I want to use GeneMark (2.7d) to do gene prediction in a soup of sequences. I don't want, however, to use the general bacterial/archaeal model. Instead, I want to create a custom model file. While this is easy in glimmer (just select a bunch of long orfs, for example), I cannot find out how to do it using GeneMark (it's probably the 'probuild' program but don't know anything else).

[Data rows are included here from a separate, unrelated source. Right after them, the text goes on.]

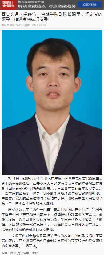 副院长温军在接受《国际金融报》记者采访时表示,中国共产党的百年发展史既是一部丰富的革命史,也是一部不断创造新理论与新实践的创新史。中国共产党人的革命精神与创新精神支撑、引领着中国人民实现了第一个一百年奋斗目标的伟大胜利。
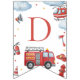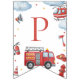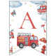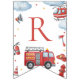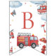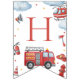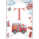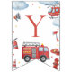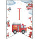 Firetruck-themed “Happy Birthday” banner featuring adorable watercolor fire engines, helicopters, clouds, and emergency icons. Perfect decoration for a firefighter or firetruck birthday party. Ideal for boys’ first birthday, toddler parties, and rescue vehicle celebrations. Coordinates with matching firetruck invitations, napkins, thank you tags, and party décor.
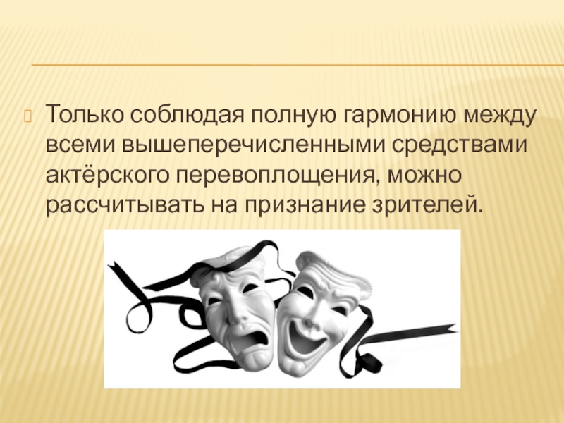 Слайд 20Только соблюдая полную гармонию между всеми вышеперечисленными средствами актёрского перевоплощения, можно
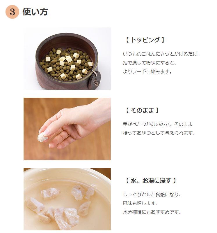サラリとした手触りで与えやすく、そのままはもちろん、ぬるま湯に浸したり、つぶしてふりかけにするなど、手軽にアレンジできる点も魅力です。保証成分粗タンパク質:79.0%以上
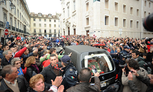 Earlier, about 10,000 mourners applauded and cheered as six pall-bearerscarried the coffin and placed it on a golden plinth in the centre of the pitch at Benfica's "Stadium of Light."
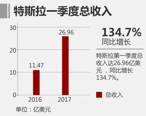美国电动汽车生产商特斯拉在5月3日美国股市收盘后,发布了截至3月31日的2017财年第一季度财报。网通社从路透社获悉,特斯拉今年一季度总收入为26.96亿美元,相比去年同期的11.47亿美元增长134.7%。
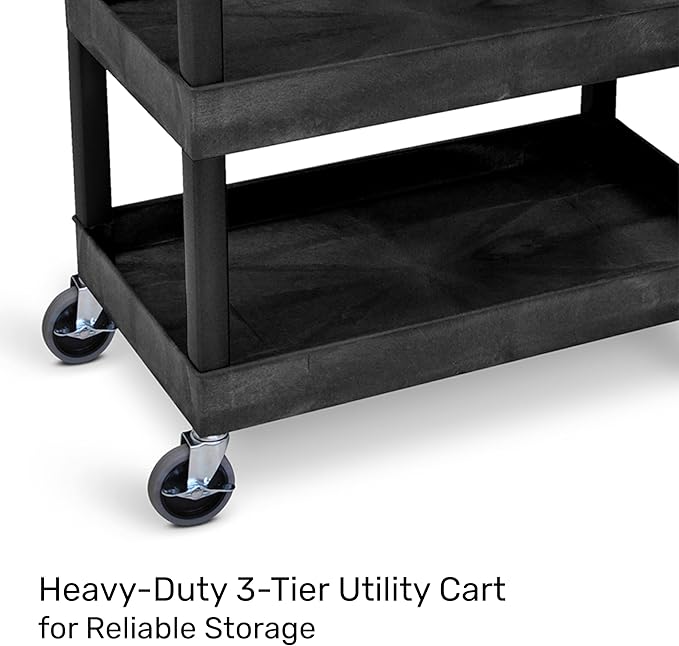 Tubstr 3-Tier Rolling Utility Cart with Wheels | Supports 300 lbs. Total | Heavy-Duty Capacity for Garage Storage, Office Spaces, & Kitchen Use | Durable Tool Cart with Locking Wheels (Black, 32 x 18)
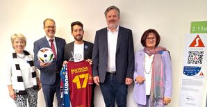 ifa-Kulturmanager Ilyas Zivana (Mitte) präsentiert das Trikot der Mannschaft der deutschen Minderheit der Tschechischen Republik und den Turnierschal der Europeada - mit dabei die Bundesvorsitzenden Christa Naaß (re.) und Helena Päßler (li.) sowie die Fußballexperten Dr. Filip Blaha (2.v.re.) und Markus Rinderspacher (2.v.li.), Vizepräsident des Bayerischen Landtags
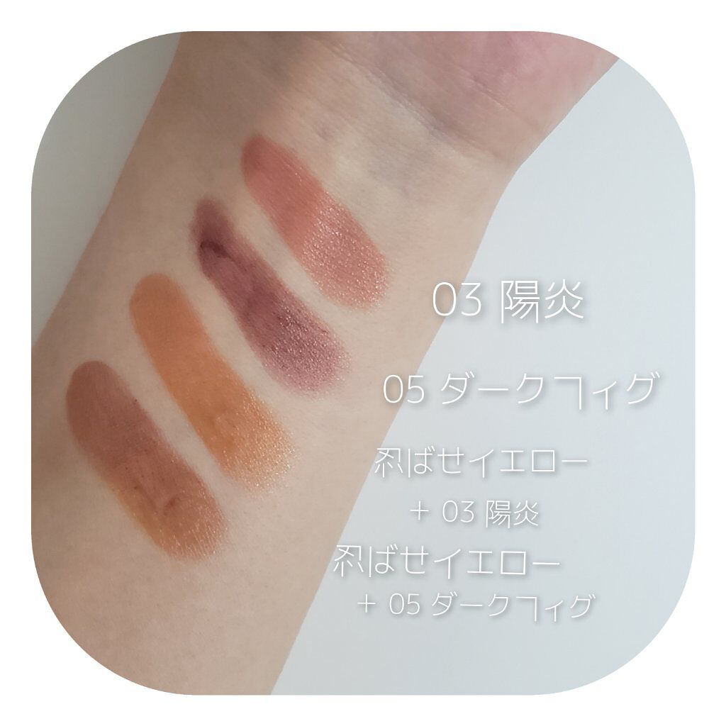- <01 欲望の塊> テトライソステアリン酸ジペンタエリスリチル、トリ(カプリル酸/カプリン酸)グリセリル、オクチルドデカノール、ラウロイルグルタミン酸ジ(フィトステリル/オクチルドデシル)、ビスアルキル(C16-18)グリセリルウンデシルジメチコン、イソノナン酸イソトリデシル、水添ポリイソブテン、ラウロイルグルタミン酸ジ(オクチルドデシル/フィトステリル/ベヘニル)、パラフィン、合成ワックス、ダイマージリノール酸(フィトステリル/イソステアリル/セチル/ステアリル/ベヘニル)、マイクロクリスタリンワックス、水添マイクロクリスタリンワックス、ヒドロキシステアリン酸エチルヘキシル、トコフェロール、ホホバ種子油、オリーブ果実油、アーモンド油、(エチレン/プロピレン)コポリマー、ポリエチレン、ジメチコン、(+/-)(チタン/酸化チタン)焼結物、マイカ、ラウロイルアスパラギン酸Na、ラウロイルリシン、塩化亜鉛、酸化チタン、酸化鉄、水酸化Al、硫酸Ba、トリイソステアリン酸イソプロピルチタン、酸化スズ、ホウケイ酸(Ca/Al)、合成フルオロフロゴパイト、黄4、黄5、赤104(1)、赤201、赤202 <02 ピンクバナナ> テトライソステアリン酸ジペンタエリスリチル、トリ(カプリル酸/カプリン酸)グリセリル、オクチルドデカノール、ラウロイルグルタミン酸ジ(フィトステリル/オクチルドデシル)、ビスアルキル(C16-18)グリセリルウンデシルジメチコン、イソノナン酸イソトリデシル、水添ポリイソブテン、ラウロイルグルタミン酸ジ(オクチルドデシル/フィトステリル/ベヘニル)、パラフィン、合成ワックス、ダイマージリノール酸(フィトステリル/イソステアリル/セチル/ステアリル/ベヘニル)、マイクロクリスタリンワックス、水添マイクロクリスタリンワックス、ヒドロキシステアリン酸エチルヘキシル、トコフェロール、ホホバ種子油、オリーブ果実油、アーモンド油、(エチレン/プロピレン)コポリマー、ポリエチレン、ジメチコン、(+/-)(チタン/酸化チタン)焼結物、マイカ、ラウロイルアスパラギン酸Na、ラウロイルリシン、塩化亜鉛、酸化チタン、酸化鉄、水酸化Al、硫酸Ba、トリイソステアリン酸イソプロピルチタン、酸化スズ、ホウケイ酸(Ca/Al)、合成フルオロフロゴパイト、黄4、黄5、赤104(1)、赤201、赤202 <03 陽炎> テトライソステアリン酸ジペンタエリスリチル、トリ(カプリル酸/カプリン酸)グリセリル、オクチルドデカノール、ラウロイルグルタミン酸ジ(フィトステリル/オクチルドデシル)、ビスアルキル(C16-18)グリセリルウンデシルジメチコン、イソノナン酸イソトリデシル、水添ポリイソブテン、ラウロイルグルタミン酸ジ(オクチルドデシル/フィトステリル/ベヘニル)、パラフィン、合成ワックス、ダイマージリノール酸(フィトステリル/イソステアリル/セチル/ステアリル/ベヘニル)、マイクロクリスタリンワックス、水添マイクロクリスタリンワックス、ヒドロキシステアリン酸エチルヘキシル、トコフェロール、ホホバ種子油、オリーブ果実油、アーモンド油、(エチレン/プロピレン)コポリマー、ポリエチレン、ジメチコン、(+/-)(チタン/酸化チタン)焼結物、マイカ、ラウロイルアスパラギン酸Na、ラウロイルリシン、塩化亜鉛、酸化チタン、酸化鉄、水酸化Al、硫酸Ba、トリイソステアリン酸イソプロピルチタン、酸化スズ、ホウケイ酸(Ca/Al)、合成フルオロフロゴパイト、黄4、黄5、赤104(1)、赤201、赤202 <04 パンプキンワイン> テトライソステアリン酸ジペンタエリスリチル、トリ(カプリル酸/カプリン酸)グリセリル、オクチルドデカノール、ラウロイルグルタミン酸ジ(フィトステリル/オクチルドデシル)、ビスアルキル(C16-18)グリセリルウンデシルジメチコン、イソノナン酸イソトリデシル、水添ポリイソブテン、ラウロイルグルタミン酸ジ(オクチルドデシル/フィトステリル/ベヘニル)、パラフィン、合成ワックス、ダイマージリノール酸(フィトステリル/イソステアリル/セチル/ステアリル/ベヘニル)、マイクロクリスタリンワックス、水添マイクロクリスタリンワックス、ヒドロキシステアリン酸エチルヘキシル、トコフェロール、ホホバ種子油、オリーブ果実油、アーモンド油、(エチレン/プロピレン)コポリマー、ポリエチレン、ジメチコン、(+/-)(チタン/酸化チタン)焼結物、マイカ、ラウロイルアスパラギン酸Na、ラウロイルリシン、塩化亜鉛、酸化チタン、酸化鉄、水酸化Al、硫酸Ba、トリイソステアリン酸イソプロピルチタン、酸化スズ、ホウケイ酸(Ca/Al)、合成フルオロフロゴパイト、黄4、黄5、赤104(1)、赤201、赤202 <05 ダークフィグ> テトライソステアリン酸ジペンタエリスリチル、トリ(カプリル酸/カプリン酸)グリセリル、オクチルドデカノール、ラウロイルグルタミン酸ジ(フィトステリル/オクチルドデシル)、ビスアルキル(C16-18)グリセリルウンデシルジメチコン、イソノナン酸イソトリデシル、水添ポリイソブテン、ラウロイルグルタミン酸ジ(オクチルドデシル/フィトステリル/ベヘニル)、
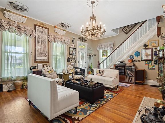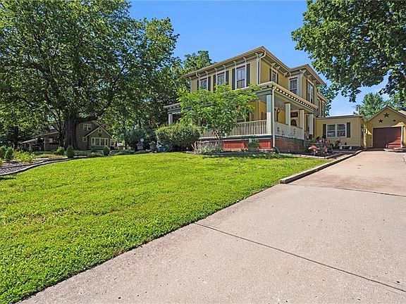 Enjoy your grand entrance back to another time- up the brand-new steps from the street to the sidewalk, of this huge city block-to-block property, enhancing the curb appeal from the second you engage! Then, as you begin your journey through this stunning Italianate Victorian home from the late 1890s, you see how it has been meticulously preserved to maintain its historic charm while thoughtfully updated w/ the modern conveniences of today’s world. This expansive property features so much space....5 Bedrooms, 3 Full Bathrooms & 2 Half Baths! Plus two fireplaces, gorgeous hardwood floors, & the home received a full exterior coat of paint in 2021. The downstairs windows are framed with elegantly bloomed valances, & chandeliers adorn almost every room. The master bath, & guest bedroom’s bathroom have recently been renovated, as well as adding several new thermal windows to the lower level of the home to help w/ energy efficiency & comfort. Other important updates to the home have included new stairs leading to the basement & 1 new AC unit in 2023. The backyard features a fantastic swing set, 2 raised garden beds, a fire pit, & a lovely gazebo for gatherings w/ friends &/or family. There is also a 14x40 studded & partially separated Shed/Out-Building that could serve as an art studio, workshop, or potential income-producing rental space, once completed. The covered deck wraps around the house for those quiet morning coffees, & you can enjoy your afternoon tea next to the fountain in your privately treed patio area. While you are outside enjoying your ½ acre+ property, be sure to stop & smell all the beautiful perennial flowers that have been planted for years of enjoyment! All appliances stay w/ the sale - including Fridge, Washer & Dryer, Deep Freeze (Guaranteed Foods Upright), & Dry Sauna that is in the basement!! Location on this home is nothing to blink about either- Close proximity to the Public Library, Schools, & of course the Harrisonville Historic Square!
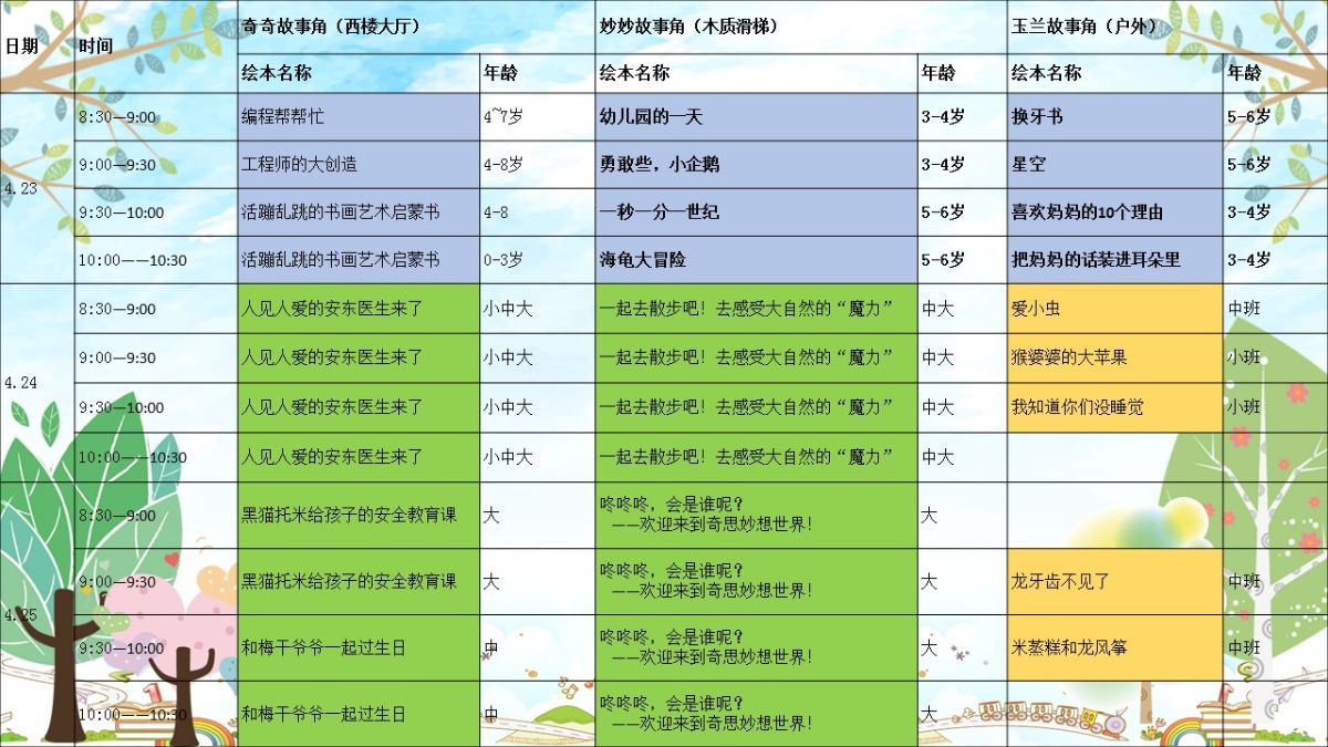 丰富多彩的故事内容制作成展板,老师可以带着孩子们按兴趣报名

Edit: I downloaded GeneMark from GeneMarkS - Linux64. After expanding the zipped file, there's a program called 'probuild' that you use for building custom models but the documentation is really poor (or "hidden" somewhere I cannot easily find!). The contents of one of the prebuilt model files are like this:
PHMM 2.5
NAME Aeropyrum_pernix
ORDM 2
ATG_ 0.298
GTG_ 0.279
TTG_ 0.423
CTG_ 0
TAA_ 1
TAG_ 1
TGA_ 1
MINC 40
MAXC 12000
MAXN 12000
NDEC 150
CDEC 300
CDCD 0.0
CD1P 1
CD2P 1
COD1
0.00780 0.00540 0.00895
...Lots of numbers.....
COD2
...Lots of numbers.....
NONC
...Lots of numbers.....
RBSM
0.132 0.167 0.431 0.270
...Some more numbers...
RBSL 34
RBSD
0.016 0.008 0.024 0.032 0.12 0.174 0.128 0.086 0.094 0.08 0.03 0.022 0.012 0.012 0.012 0.006 0.002 0.006 0.01 0.01 0.008 0.012 0.004 0.008 0.008 0.008 0.002 0.012 0.002 0.012 0.004 0.002 0.01 0.01
can you post a link to the program and maybe an example of the file you want to generate?